Paul, attired in a business-casual ensemble with a red vest now that he's on the clock, gets stuck setting up folding chairs and tables out on the mansion's lawn (and utterly fails to win the Mister Logistics Person Seal of Approval for how much extra effort he's putting into things by trying to get it done quickly). He meets Larry the piano player who noodles his way through a royalties-free assortment of organ chords while a bee flutters around in the foreground. Inside the mansion, Julia helps an unnamed kitchen worker chop onions. Some conversation in the kitchen leads the audience to realize that Julia's father used to own the business and recently died.
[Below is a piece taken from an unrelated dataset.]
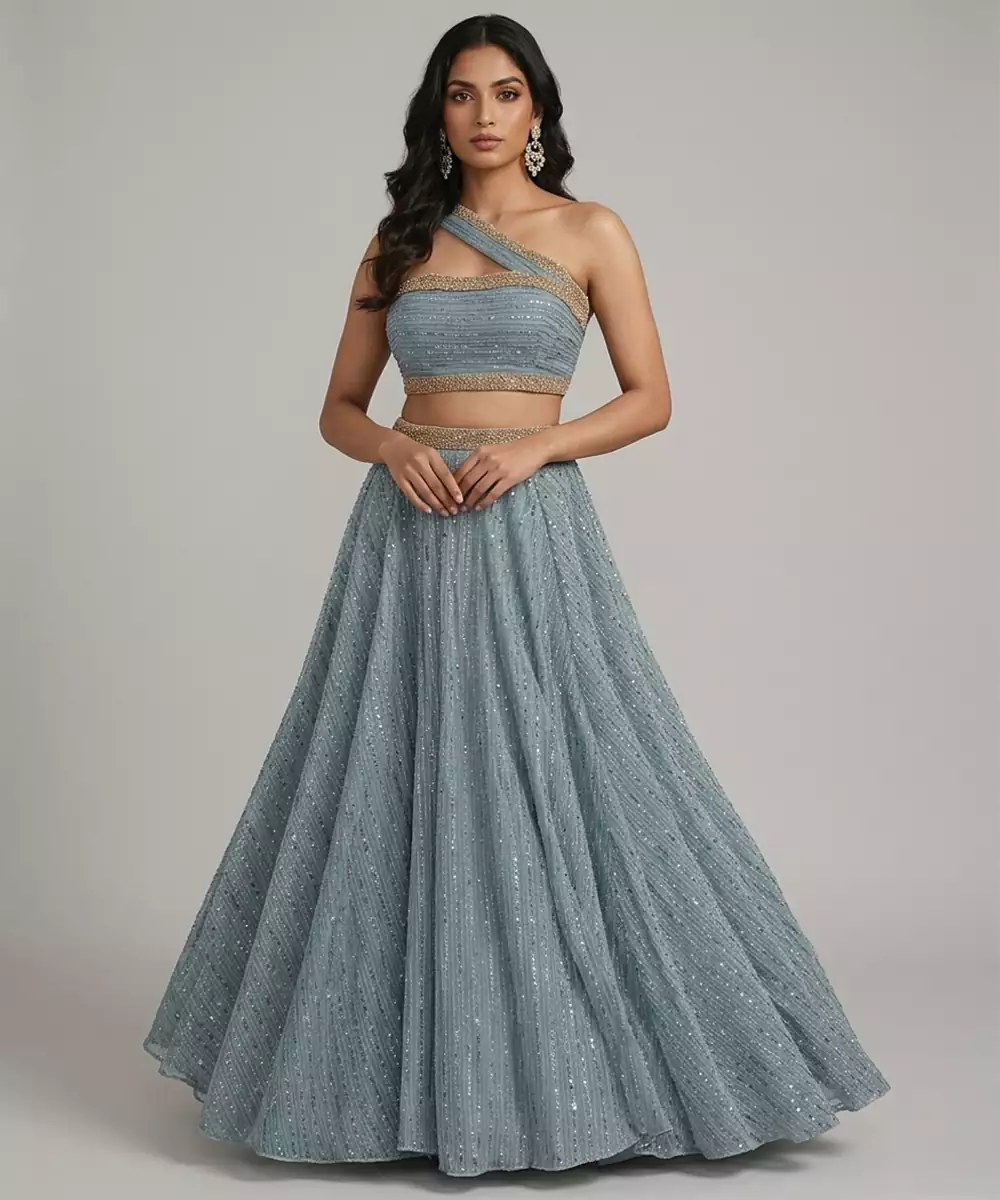 Dusty Blue Sequin Embellished Shimmer Lehenga Set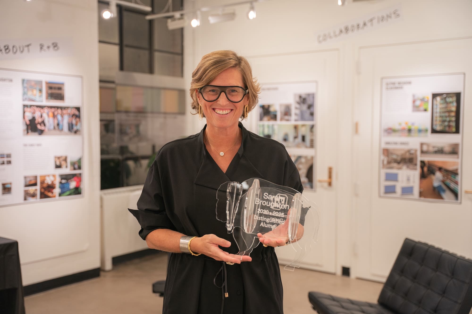 This prestigious recognition is presented to alumni who have demonstrated exemplary leadership and made enduring contributions to the design profession. Sarah’s career reflects these values; anchored in thoughtful collaboration, design excellence, and a commitment to enhancing the human experience. Described as the “heart and soul” of R+B by her husband and co-founder John Rowland, Sarah’s leadership has guided the firm from its founding in 2003 to becoming a nationally recognized, award-winning design studio known for its convergent approach and commitment to excellence. “Sarah and I met 32 years ago upstairs on the second floor in our first design studio class. In 2003 we both founded Rowland+Broughton with the shared belief that design has the power to shape experiences and even more importantly, lives.” |

Julia's just trying to keep things together for the sake of her peace of mind as well as her finances.
Paul gets his shit together sufficiently to put tablecloths on everything and starts juggling Sterno cans (I can see the Sterno being used as a bug killer in the third act, but dare I even hope this movie actually will weaponize his mad first-act juggling skills?). Flora the kitchen lady says that Paul likes Julia, who reacts with a completely understandable "Yeah...no." She also says she'd rather jump off a cliff than get involved with her van driver / table setup guy, which makes me assume that the pair of them will be jumping off a cliff to get away from wasps by the climax of the film. Look, the dialogue in these things only really exists to set up things that will pay off later, okay? Think of the "You won't make a dummy out of me" line from John Vernon in Killer Klowns from Outer Space. That's how this stuff works.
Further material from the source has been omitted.